Much had to be done before it was possible, and the crutches at the foot of the bed were the first reality. I did not want to, nor could I, be here as a cripple. I would need strong legs, to run if need be, and to walk straight at Paolo’s side on the land I hoped we would one day find for ourselves in Africa. This meant, I knew, more operations, more hospitals, more pain and patience. It would take time. But I would make it. Yet again I could see with great clarity that a will is a way, and that having a worthy goal is what truly matters. Another bond tied me to Paolo now. I, like him, was in love with Africa.
‘I must walk,’ I murmured to Paolo before sliding into the best sleep I had had in months. ‘I must learn to walk and run again, however long it takes.’
It took three more years.
5
To Walk Again
We have to change our patterns of reacting to experience. For our problems do not lie in what we experience, but in the attitude we have towards
it.
Akong Rimpoche
Venice was covered in yellow fog when we landed and our dark glowing skin and sun-bleached hair seemed incongruous among the pale crowd at Tessera airport. A little boy with a blond fringe, dressed in a dark blue coat, ran ahead of the small group who had come to meet us, and I kneeled to hug him. Every day, for the time I had been gone, I had sent him at least two postcards with photographs of animals, as I knew he would look forward to the arrival of the postman ringing his bicycle bell, and to little messages from across the sea assuring him that his mother cared, and thought of him constantly.
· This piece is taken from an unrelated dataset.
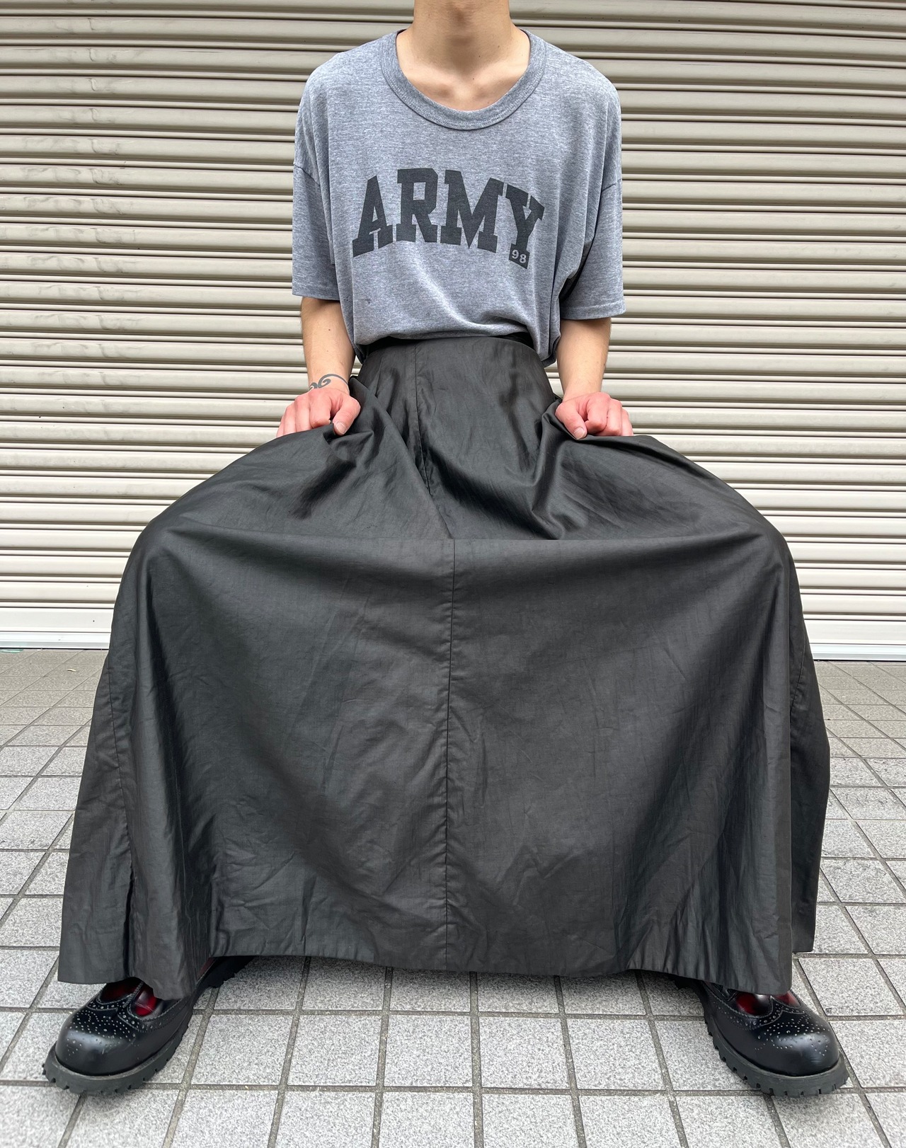マキシ丈で充分に使った生地のボリューム最高ですね。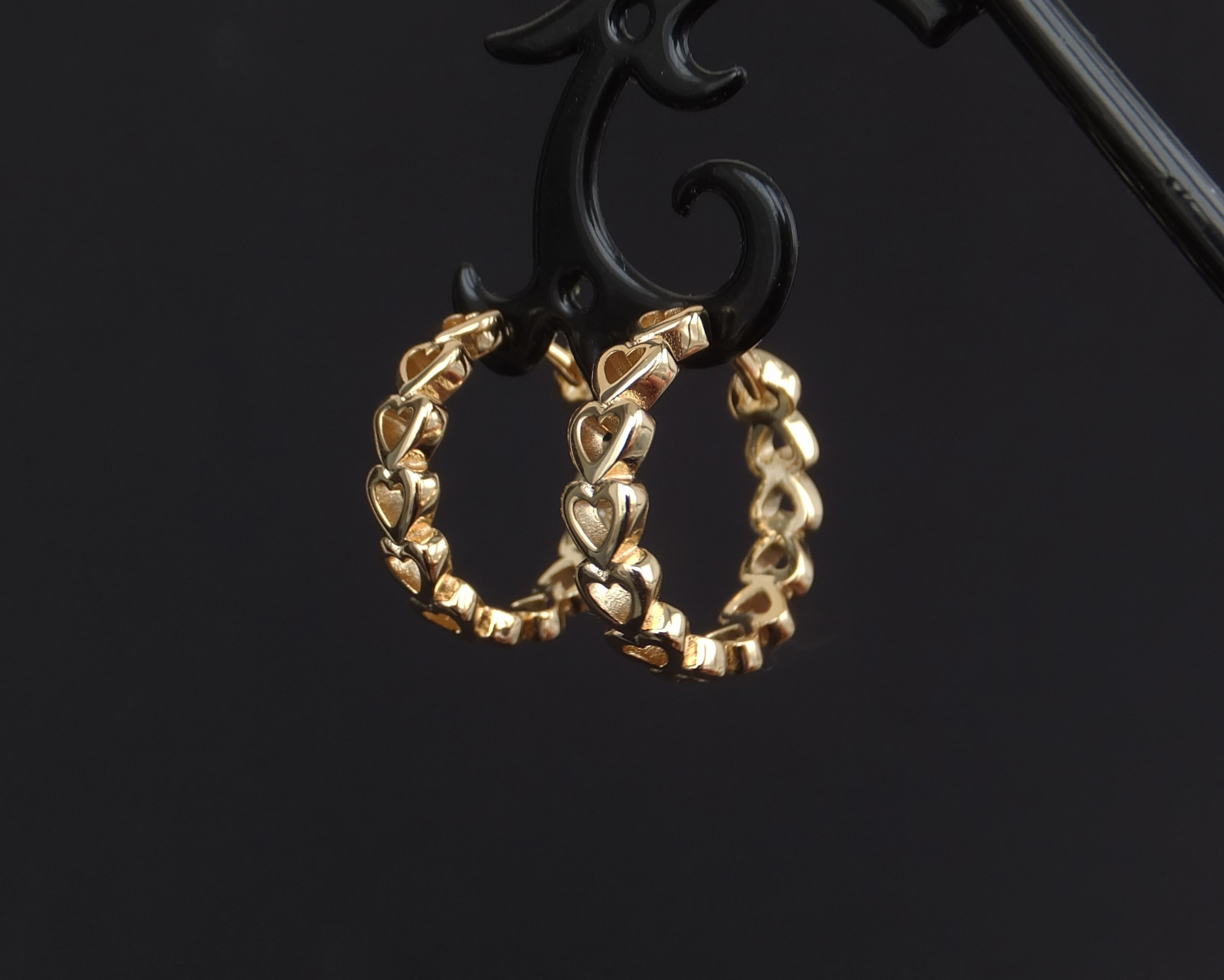 Пуссеты-кольца Сердечные позолоченные LUX /1 пара, 20 мм/

The only thing I had been really looking forward to during the splendid two months abroad was to be reunited with Emanuele. He was four. He had been left in the care of his nanny, and of course of my mother, who adored him more than anyone else in the world.
Sitting at his bedside in his blue room, the first night I was back, I told him of Kenya and of the places I had visited, of the animals I had seen and the people I had met. He listened in silence, absorbed in all the stories. In his face there was that concentrated, focused look beyond his years and experience, which always made me think. Without having planned it, I heard myself saying, ‘One day, we shall live there.’ There was no surprise in his eyes, and he said quietly, ‘Yes.’
When I told my mother, she thought I was mad. Yet she knew me well enough not to contradict me. ‘You know nobody there. You speak no English. You hate driving. You … cannot yet walk,’ she protested.
‘I will learn. It is the place where I want to live. If Paolo asked me, I would go tomorrow.’ In the end, I was to ask him.
As we were landing from our second Kenya holiday, I said to Paolo, ‘Supposing that instead of living in Italy and spending our holidays in Kenya, we did the opposite?’
I had timed my question to match the gloom lining Paolo’s face at the prospect of going back to a life for which he had lost his enthusiasm, tuning it to the changed sound of the engines. I knew that, once said, there was no taking my words back, and that with them I had decided to help my destiny on the path which I was always meant to tread.